Görülüyor ki, savaşın gerçeği orada da yüzünü gösterdi. Ülkenin son kalan değerli gençleri de yok oldu. Sonuç olarak geçişine izin vermediğimiz işgal kuvvetleri ellerini kollarını sallayarak boğazları geçip İstanbula geldiler ve sarayın karşısına demirlediler. Başka bir deyişle biz o savaşı kaybettik. Kimse ortaklarımız kaybedince biz de kaybettik gibi mazeretlere sığınmasın. Sonuçta biz kaybettik.
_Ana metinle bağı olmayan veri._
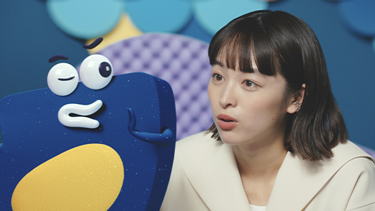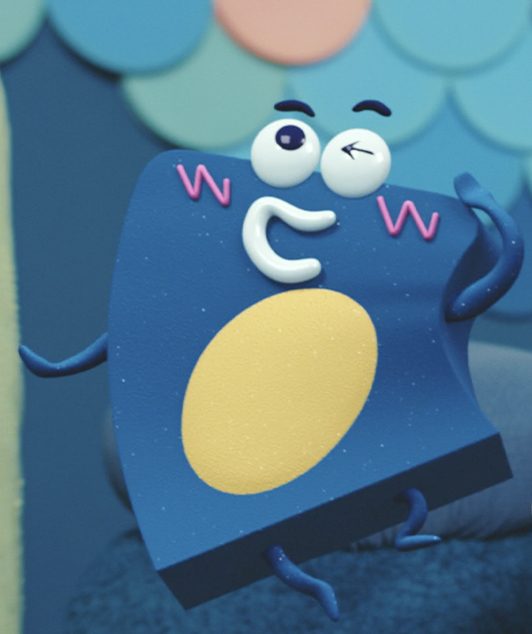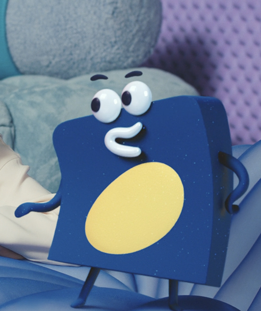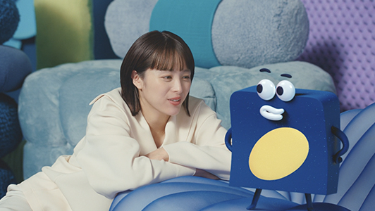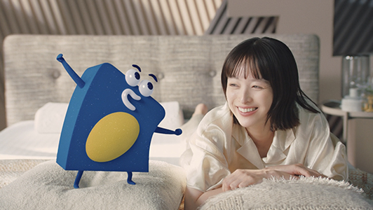 イノアッくんはイノアックで生まれたウレタンの妖精なので、形を自由自在に変形させて愉快で楽しいアニメーションにしました。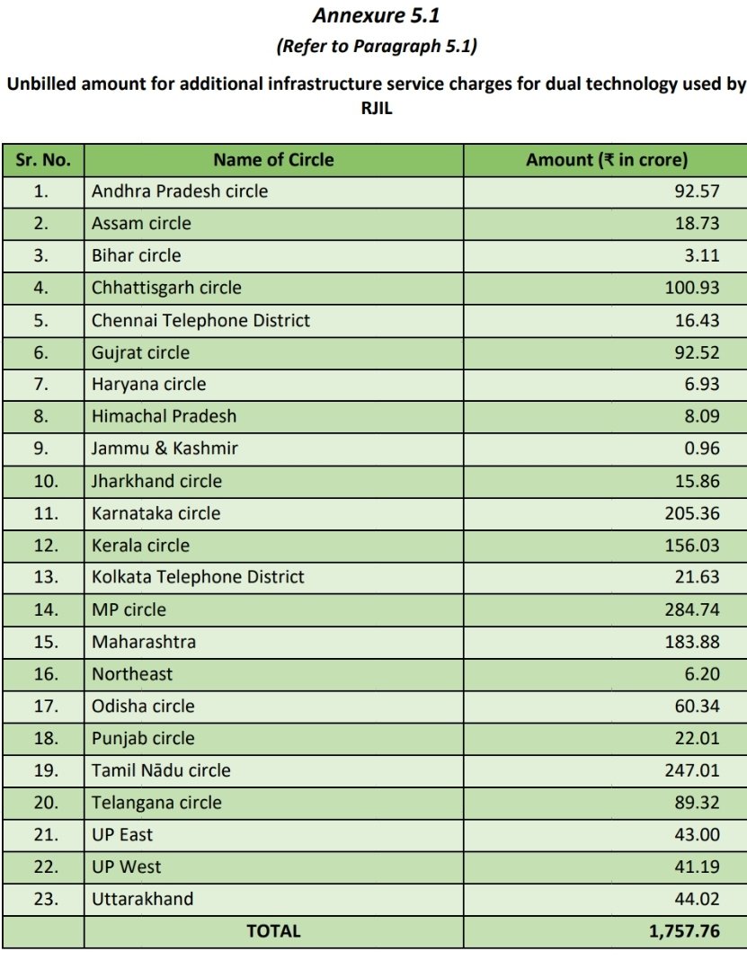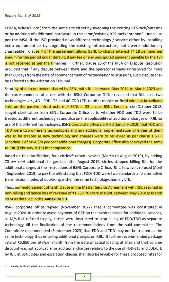 1/ BSNL’s failure to bill Reliance Jio for passive infra sharing cost ₹1,757.76 Cr over 10 yrs (May 2014-Mar 2024). CAG Report (Para 5.1) says BSNL didn’t enforce its Master Service Agreement (MSA). This isn’t a small error

Türk halkının geleceğe dönük umutlarının yeşermesi dışında belki de en önemli katkısı Mustafa Kemal diye güvenilecek, ardından gidilebilecek bir liderin tanınmasıydı.
Bu çok önemlidir. Emperyalizm ve onun iç işbirlikçileri Osmanlının bu son savaşını kaybetmişlerdir. Kazanan nihayet Türk halkı olmuştur.
Tarih, olayları anında kayda geçen bir bilim dalıdır. Bu kayıtlar yanlış veya hatalı olabilir. Bu da birçok kayıtın karşılaştırılması ile doğru bulunur. Oysa bir olayın üzerinden yıllar geçtikten sonra kayda geçmesi mümkün değildir. Bu şekilde anlatılanlar olsa olsa görüş veya düşünce olur.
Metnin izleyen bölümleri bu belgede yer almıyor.